So, there’s an art contest where students submit their work to Congress. Among the entrees, there are finalists and those finalists get their work displayed. This year, one of those finalists depicts the Statue of Liberty as a Muslim woman wearing a hijab.
I like it.
I like the actual art AND I like the message. I like the idea that people of all walks are able to look at Lady Liberty and see themselves reflected. Apparently, not all people are as impressed as I am:
A Democratic congressman is taking heat from Sarah Palin and other conservatives for a painting hanging in his California district office that depicts the Statue of Liberty as a Muslim woman.
We the People Rising, a conservative-leaning activist group, was among the first to object to the painting in Rep. Lou Correa’s district office in Santa Ana, Calif., arguing it violates the separation of church and state.

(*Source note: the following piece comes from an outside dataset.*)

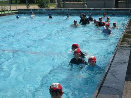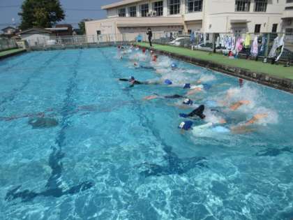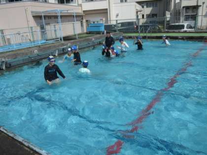 スール掃除を頑張った、4・5年生。学校のプールでの初泳ぎ。気持ちよさそうです。

And more; from a video posted on We the People Rising’s website:
“You guys have a picture out in front of your office with the Statue of Liberty wearing a hijab, which I find reprehensible and disrespectful,” one of the members tells a staffer in the first video. “I would like to request that you remove it.”
Again, I don’t understand the reprehensible and disrespectful nature of the painting. It’s not mocking the Lady, it doesn’t depict her in a negative light. All it does is show what Liberty might look like if she were standing in another part of the world.
Kinda like depicting Jesus as a white guy standing in America rather than the brown guy he really was.
And speaking of religion, how is the painting supposed to violate the separation of church and state? And since when have conservatives minded such violations; though it is delicious to see such an argument used against a democrat.
As I’ve explained over and over – the concept of such separation between the church and the state does not mean that there can be no explicit religion in the state, only that the leader of state cannot be te same leader of the church. Or, that there be no official nation religion supported by the state.
If congress wants to open with a prayer to Allah, they may. The idea that a congressman can’t have a religious symbol in his office is insane; no one makes a fuss, or should make such fuss, when a congressman wears a cross chain, or has the Bible in his shelf or other such outward symbols.
As far as I’m concerned, the more Muslim girls that yearn from America’s Liberty the better this world will be!